Harper Perennial / HarperCollins
US First Edition Trade Paperback
ISBN 978-0-060-56005-8
Publication Date: 06-02-2009
454 Pages; $15.99
Date Reviewed: 07-07-2009


Index:  Non-Fiction

Jeff Sharlet stumbled onto the Apocalypse when he was trying to help an old friend. Her brother, she said, had been through some tough times, but now he sounded better — maybe. She asked Sharlet to have dinner with him and find out what he was caught up in. It was nothing less than a well-organized, well-funded plan by Christian fundamentalists to establish a top-down control of governments and businesses around the world by a group that calls itself the Family. They’ve been going strong for more than seventy years. They're not a conspiracy and there are no big secrets. They don't call attention to themselves, but now, thankfully, Jeff Sharlet has, in his book, ' The Family: The Secret Fundamentalism at the Heart of American Power.' This Apocalypse has already come to pass.

Sharlet begins the book with a novelistic, first person narration of his experience at Ivanwald, a house somewhere in Arlington, Virginia, where young men are groomed to take power in the name of a Christ who apparently draws his power from the same place as Hitler, Lenin, Stalin and Mao. These are the influences that hover over those indoctrinated into "The Family," these are the names the young men hear as they live and learn together.

Sharlet then reaches back deep into history to trace this peculiar and terrifying form of fundamentalism to its roots before the Revolutionary War. As a social history of the Christian religion in America, 'The Family' is a fascinating and powerful reading experience. Sharlet connects figures and facts and threads of history to paint a very different picture of the power of religion in America. We're used to seeing the demonstrations and the congregations, but in Sharlet's narrative, there's been a parallel track of power brokers and organizers who got their start as Union-busters just after the Great Depression.
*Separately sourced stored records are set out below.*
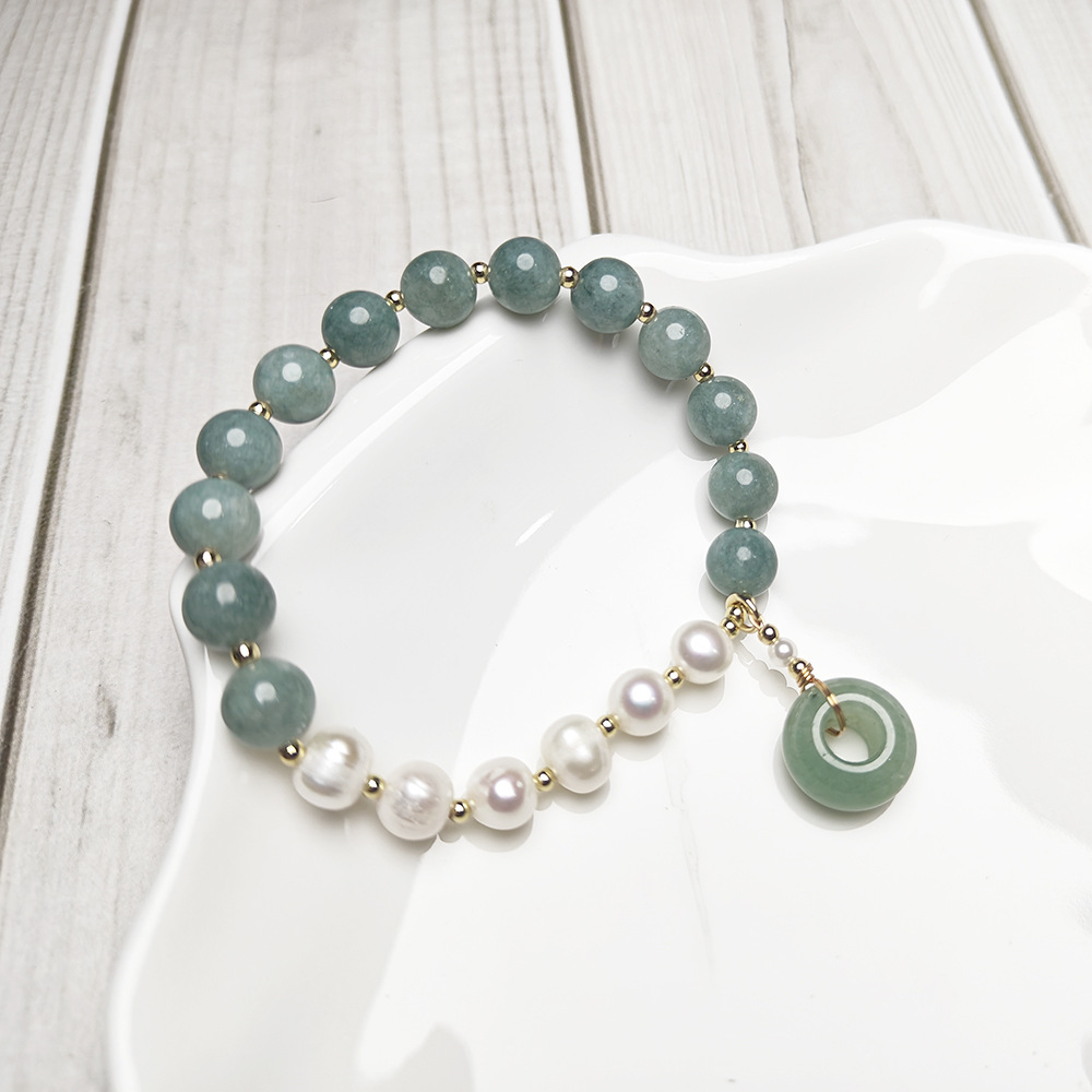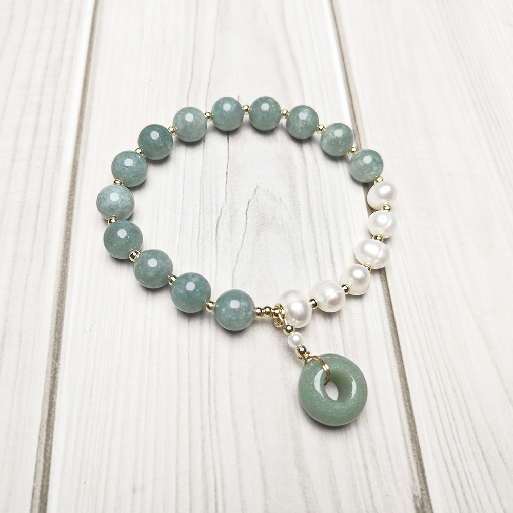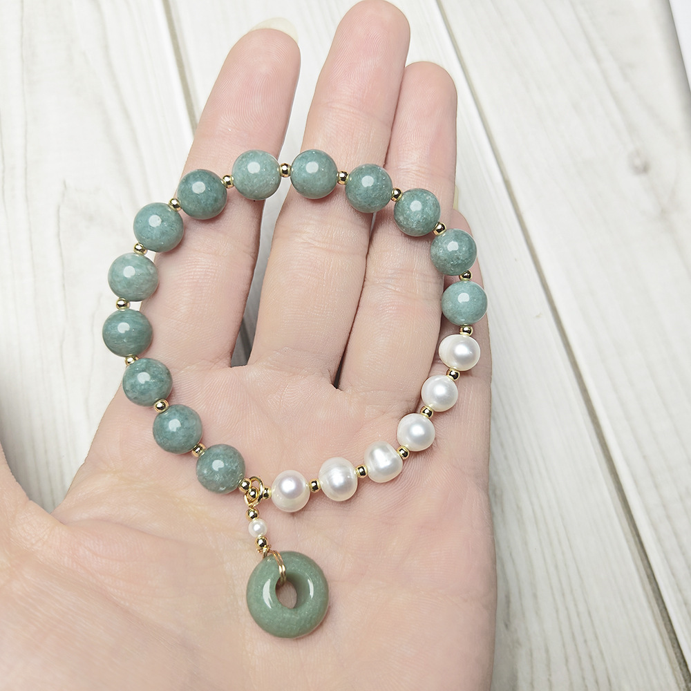 Браслет из авантюрина, Зеленый авантюрин, с Пластиковая жемчужина & Нержавеющая сталь 304, ювелирные изделия моды, разноцветный, 8mm, длина:21 см, продается PC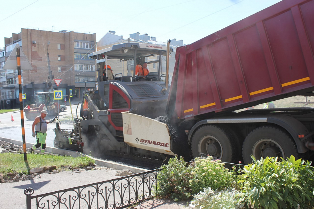 Сегодня работают на улице Ломоносова. Дорожники приступили к устройству выравнивающего слоя асфальтобетонного покрытия. Планируется уложить около 825 тонн асфальта.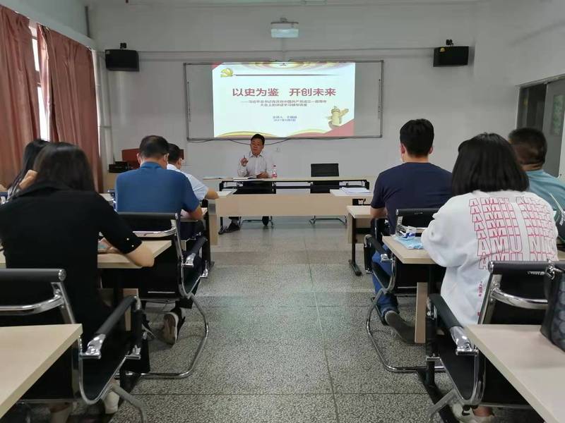 会上,于国建书记结合学校《关于开展2021-2022学年度第一学期“开学第一讲”教师教育活动的通知》精神,为全院教职工做了“以史为鉴,开创未来”的专题辅导报告。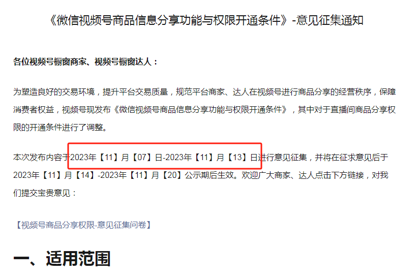 这个文件是视频号官方11月7日发布的,目前属于意见征集阶段,并未正式实施!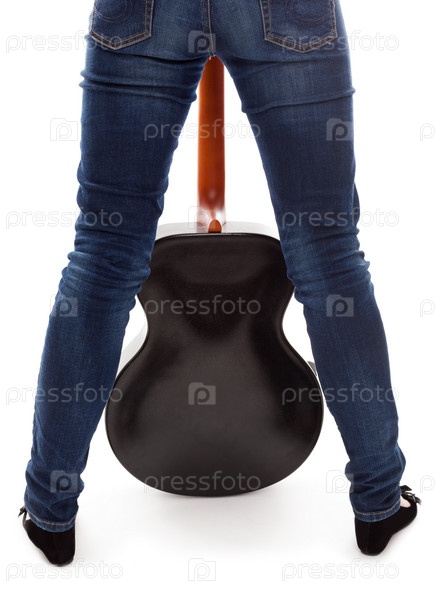 Красивая девушка с гитарой на белом фоне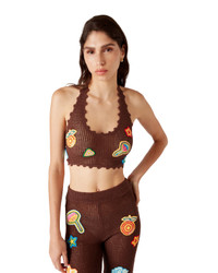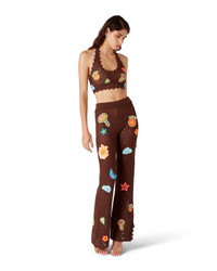 The motif crochet crop top is a halter neck design crafted from an open-weave crochet cotton fabric. Completed with motifs of the house's classic design elements, and string fastening at the back. This piece is intended to be worn with its coordinating motif crochet trousers. - Crochet motif fabric - Main: 35% cotton 30% polyester 18% silk 17% linen - Applique: 100% cotton - Colour: brown - Specialised dry clean only - The model is 180cm/5'11 and is wearing a size S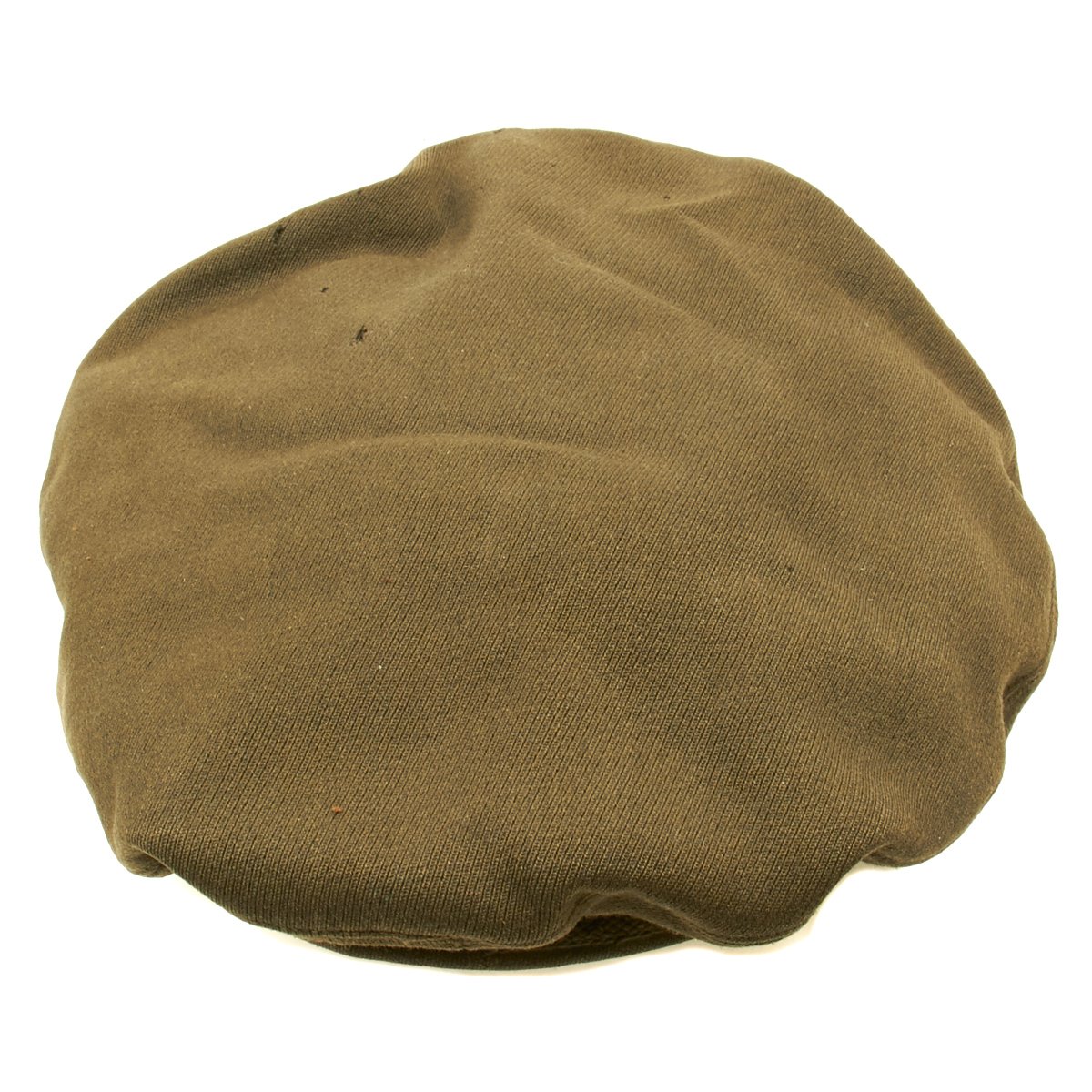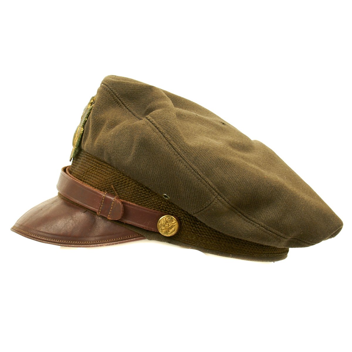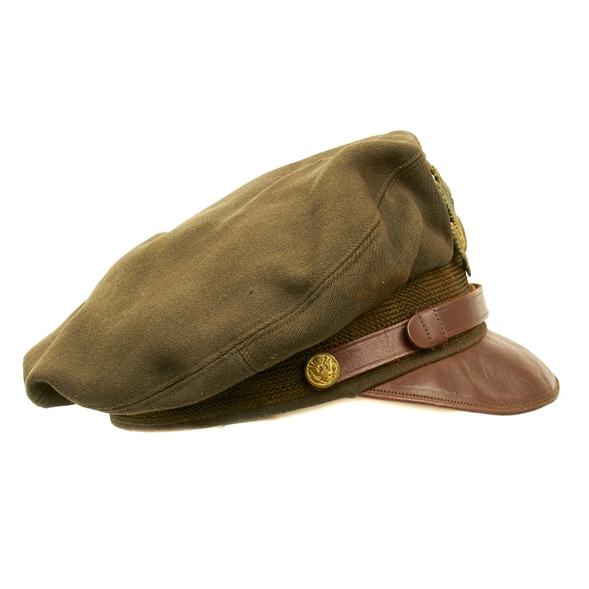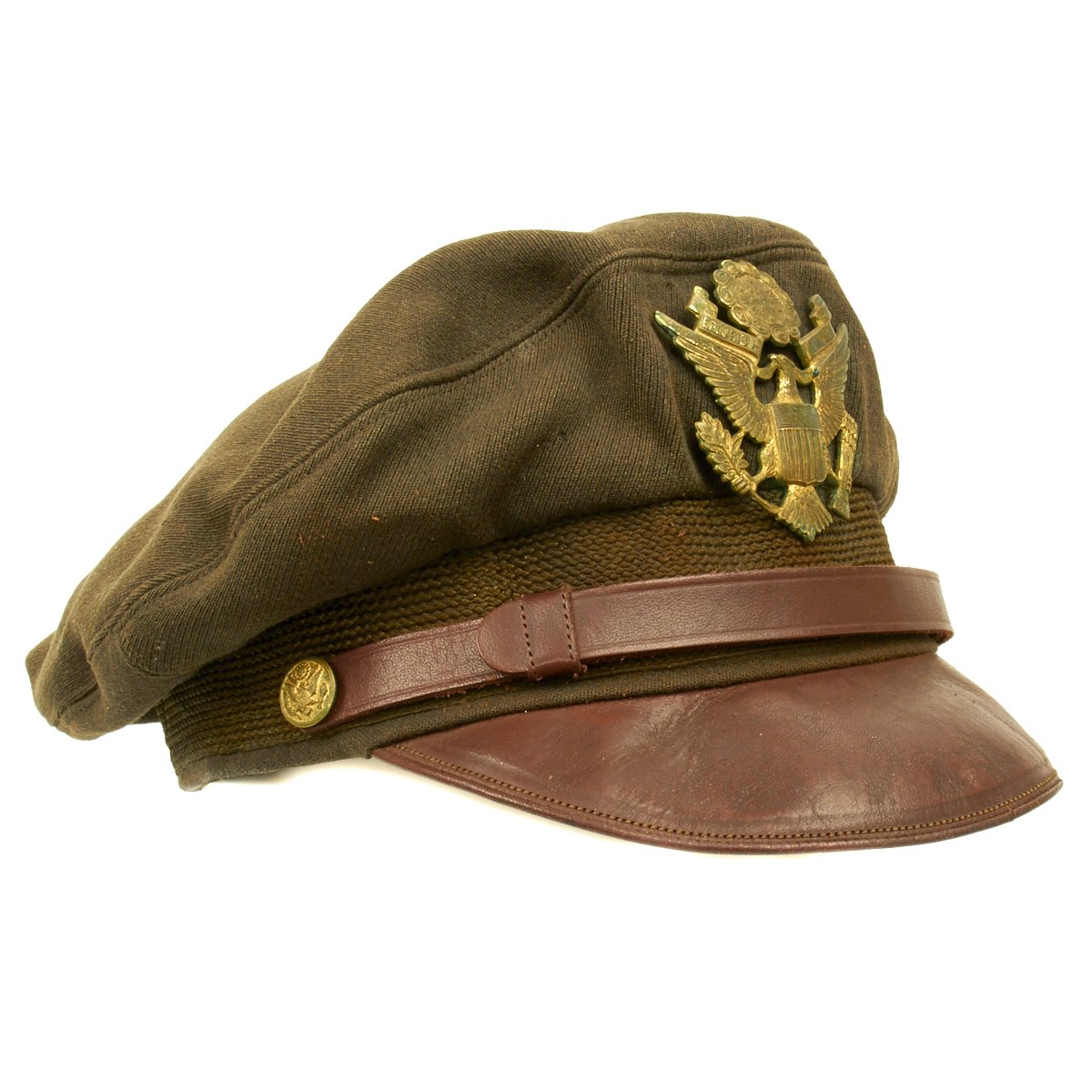 This "crush" or "crusher" cap has the classic "bomber pilot" look of a USAAF pilot in Europe. This was the standard Army AAF officer's dress cap, worn by pilots and non-pilots alike, but pilots gave this cap their own unique twist. Normally, this cap had stiffeners - a support piece behind the cap device and a wire around the inside top perimeter to maintain the cap's round shape. These kept the cap in its proper, regulation military shape and angle. However, since bomber pilots wore headsets over their caps during flights, they would remove the wire stiffener to make headset more comfortable, causing the sides of the caps to become crushed. Eventually, the caps retained their floppy "crushed" look.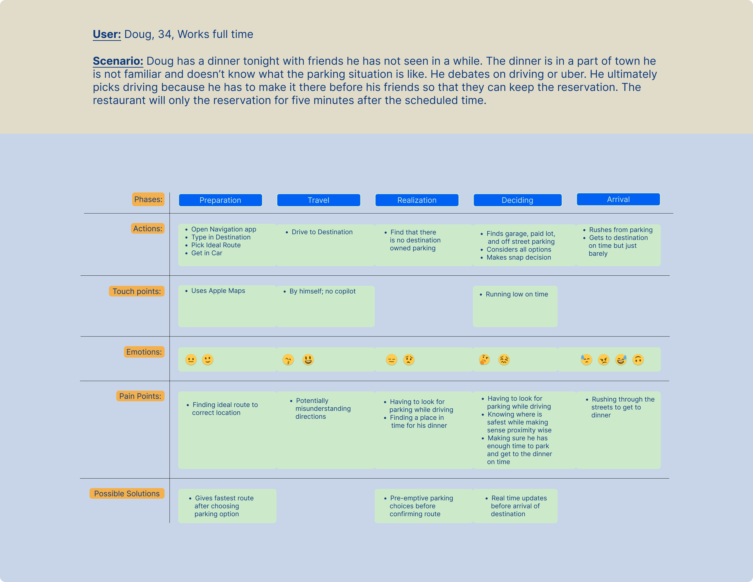 This was another new exercise I conducted. It became a creative way to synthesize research while also picturing solutions to user’s pain points. Since this project was not as intensive as the others, I felt comfortable learning exercises I wasn’t as familiar with. While at time’s I wasn’t sure if it was actually necessary, in the end it did end up being very helpful. It allowed research to be applied while coming up with solutions that could be applied when prototyping. The scenario for the user journey map was easy to think of after conducting user interviews. I took little bits of information that seemed like the most reoccurring during the interviews and used them to create the scenario breakdown.

A Norwegian immigrant named Abraham Vereide had a vision of God in 1935 that gave him what he called "The Idea" — "To the big man went strength, top the little man went need. Only the big man was capable of mending the world....He thought that powerful people, so clearly blessed by God, must surely possess equally great reserves of compassion and love that they wished to shower down on the weak, if only someone would show them how....Abram would show them how."

From there Sharlet takes readers up to the present, and along the way we see the Family merging Church and State in the National Prayer Breakfast, inserting the words "..under God.." in the Pledge of Allegiance, putting the words "In God We Trust" on our money, using power to effect change from the top down. They’ve driven foreign policy and got us in bed with a passel of murderous dictators because power is what drives them. These are people who cheerfully suggest that the death penalty should apply to adultery.

Sharlet's book is compelling and beautifully written. His prose is hard-hitting and crystal clear when he's reporting history and current events and carefully turned when he's taking readers on a personal journey. The book includes more than 60 pages of notes and index. The arc of 'The Family' is personal and universal. The journey readers take while reading this book is not easily forgotten. Some may find it heartening while others may find it horrifying. This is not about a group that wants power. This is about a group that has power. In many ways, 'The Family' is the first work of post-Apocalyptic non-fiction.